* Work required *
Could you print all the entries below exactly as they appear, omitting the pictures?

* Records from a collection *
....

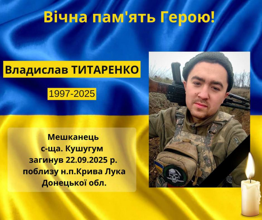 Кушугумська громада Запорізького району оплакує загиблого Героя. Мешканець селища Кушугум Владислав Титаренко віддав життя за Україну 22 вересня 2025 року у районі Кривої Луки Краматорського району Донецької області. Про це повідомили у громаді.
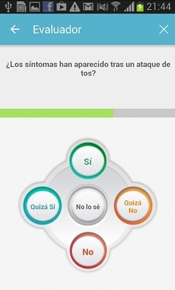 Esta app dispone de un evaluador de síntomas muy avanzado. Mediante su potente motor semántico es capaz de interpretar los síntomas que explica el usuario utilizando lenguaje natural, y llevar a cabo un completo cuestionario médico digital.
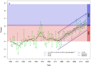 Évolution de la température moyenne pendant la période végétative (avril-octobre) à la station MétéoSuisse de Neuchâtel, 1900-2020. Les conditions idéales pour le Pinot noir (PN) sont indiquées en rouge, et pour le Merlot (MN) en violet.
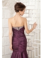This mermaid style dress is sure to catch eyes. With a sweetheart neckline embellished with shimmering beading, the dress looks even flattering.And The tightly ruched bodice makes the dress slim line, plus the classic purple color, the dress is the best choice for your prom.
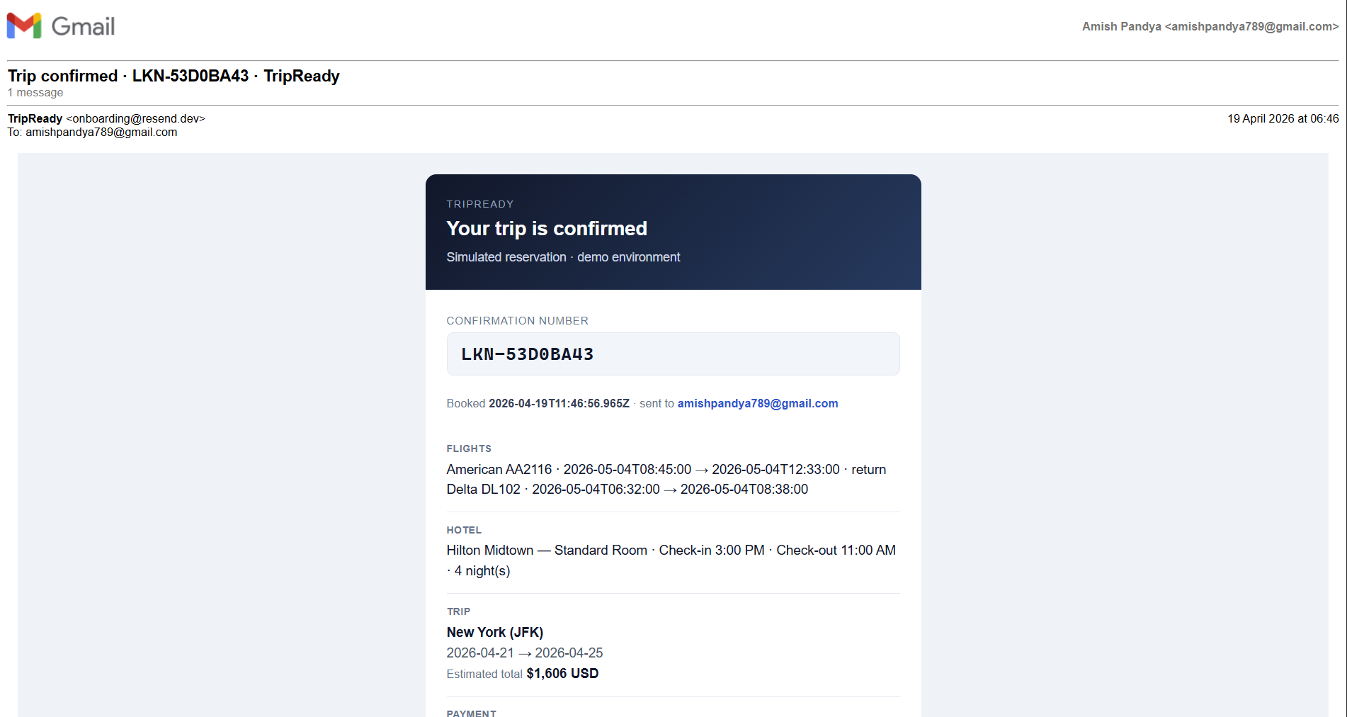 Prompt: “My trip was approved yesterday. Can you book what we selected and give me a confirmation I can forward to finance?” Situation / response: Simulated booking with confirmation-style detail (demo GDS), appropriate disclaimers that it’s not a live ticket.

....

* Output *
 Кушугумська громада Запорізького району оплакує загиблого Героя. Мешканець селища Кушугум Владислав Титаренко віддав життя за Україну 22 вересня 2025 року у районі Кривої Луки Краматорського району Донецької області. Про це повідомили у громаді.
 Esta app dispone de un evaluador de síntomas muy avanzado. Mediante su potente motor semántico es capaz de interpretar los síntomas que explica el usuario utilizando lenguaje natural, y llevar a cabo un completo cuestionario médico digital.
 Évolution de la température moyenne pendant la période végétative (avril-octobre) à la station MétéoSuisse de Neuchâtel, 1900-2020. Les conditions idéales pour le Pinot noir (PN) sont indiquées en rouge, et pour le Merlot (MN) en violet.
This mermaid style dress is sure to catch eyes. With a sweetheart neckline embellished with shimmering beading, the dress looks even flattering.And The tightly ruched bodice makes the dress slim line, plus the classic purple color, the dress is the best choice for your prom.
 Prompt: “My trip was approved yesterday. Can you book what we selected and give me a confirmation I can forward to finance?” Situation / response: Simulated booking with confirmation-style detail (demo GDS), appropriate disclaimers that it’s not a live ticket.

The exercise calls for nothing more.